The sales cycle of industrial products has
shortened significantly over the last decade, and in some cases has been
reduced by more than ½. This is driven
largely by international competition, and a generally more innovative market
which is empowered by the blistering pace of technology. Industrial products from valve systems to
pumps are being reengineered and updated to meet international demands, and
products are being “sub categorized” into smaller, more succinct market
segments in order to compete globally, when it comes to seal devices. The days of American OEM’s offering simple
chocolate and vanilla flavored products are long gone – sub markets to satisfy
specifically targeted cultures and consumer groups are the driving force for
American industry today, and the engineering required to meet these specific
needs is more detailed and complex than ever.
Companies have adopted a production model
to follow this trend. Companies utilize a modular tooling system for injection
molding, where most tools are fabricated with inserts which are retrofitted
into existing mold bases, which are optimized for the size and tonnage of the
machine they are mounted in. These
inserts are also standardized, which allows for a more economical baseline for
tooling costs. The amount of time and
effort required to change out inserts is also a fraction of the time necessary
to change out a dedicated mold, saving time and labor.
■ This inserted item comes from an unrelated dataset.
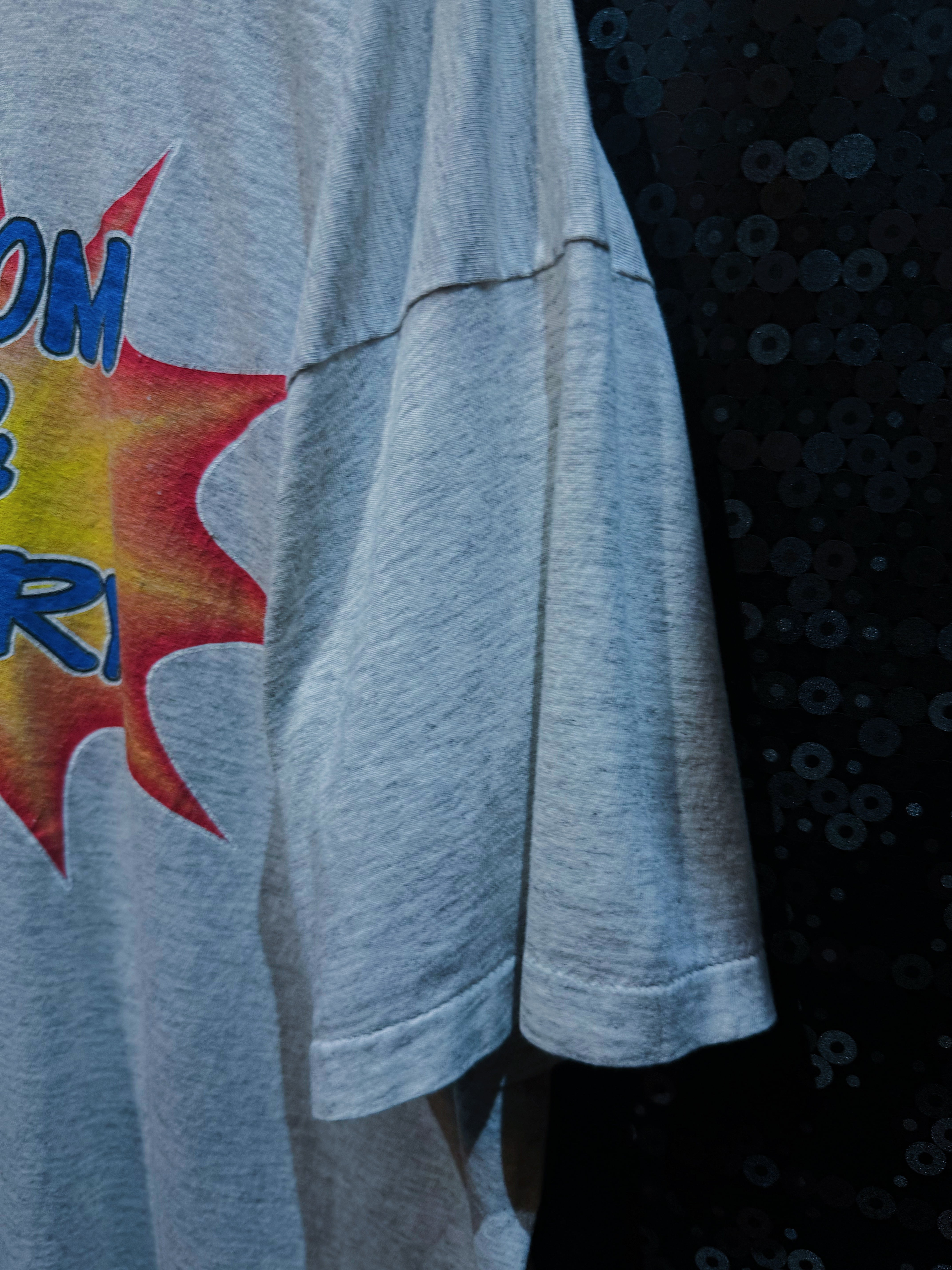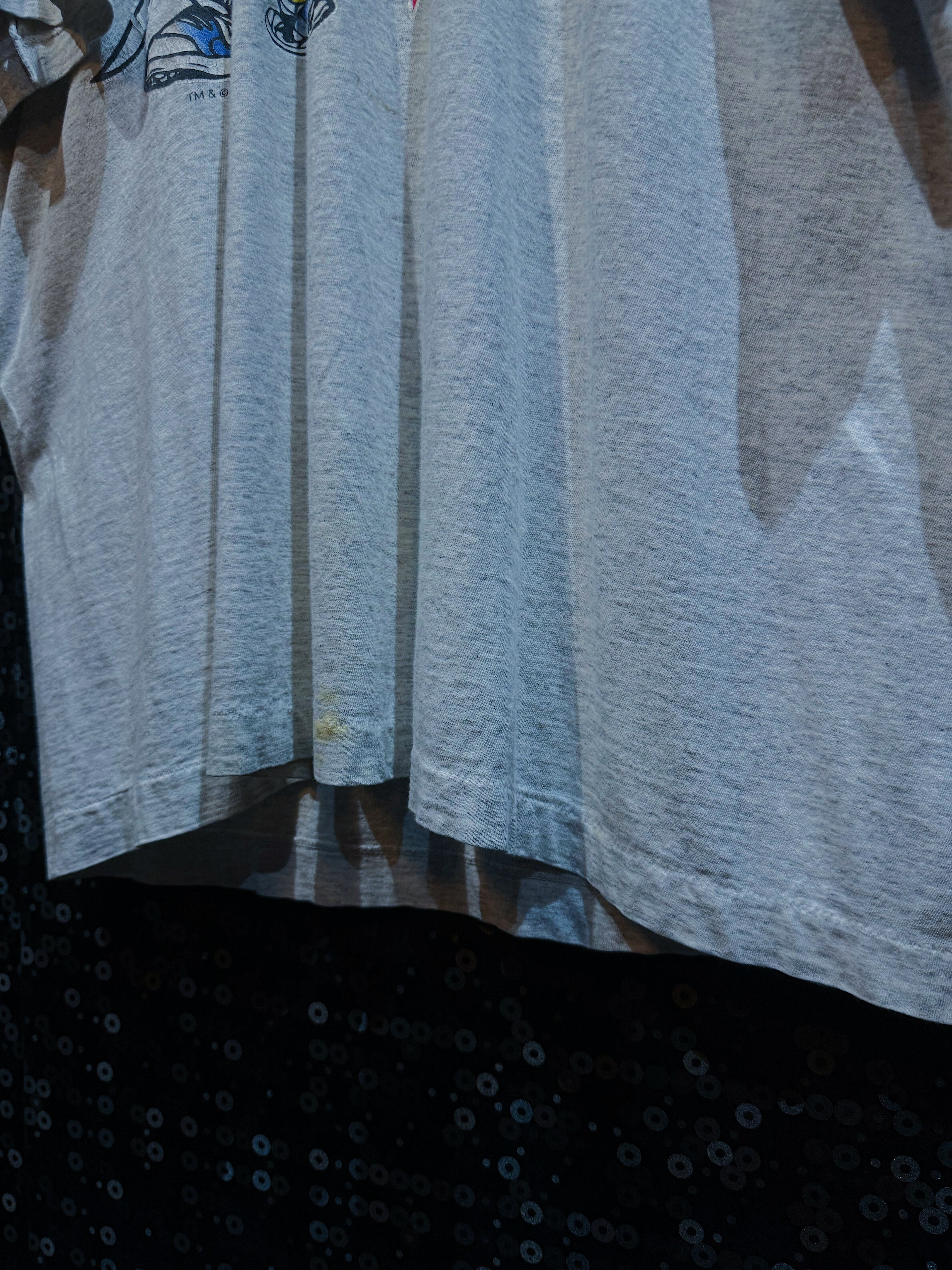 タグは「FRUIT OF THE LOOM(フルーツオブザルーム)」のブルータグ仕様で、90年代頃のアメリカ製Tシャツによく見られるタイプ。ボディの杢グレーもプリントのヴィンテージ感を引き立てており、単なるキャラTを超えたコレクタブルな1枚となっています。

Although the price per individual part is
normally slightly higher than the dedicated molds due to cycle time, the
dedicated molds are so much more expensive that the difference in price isn’t
enough to recoup the initial tooling through the life of the project. Our experience has been that product geometry
changes through the life of the project, so the low amortization tooling cost
allows for greater flexibility through the life of the project, keeps overall
costs to a minimum, and allows for quick and adaptable changes in production
scheduling.
The traditional approach to tooling
normally means more complex setup time for cycle optimization. This is worth the time and expense if the
production run is to be for an extended period (many days into weeks), but in
today’s market, these kind of production runs are becoming more the exception
than the rule. Manufacturers who can
adapt to the more fragmented and dynamic demands of the market have a distinct
advantage, even with a higher part cost.
O Rings keep capacity constraints buffered,
amortization costs low, and response/adaptability to customer demand at its
maximum level in order to compete in today’s dynamic market.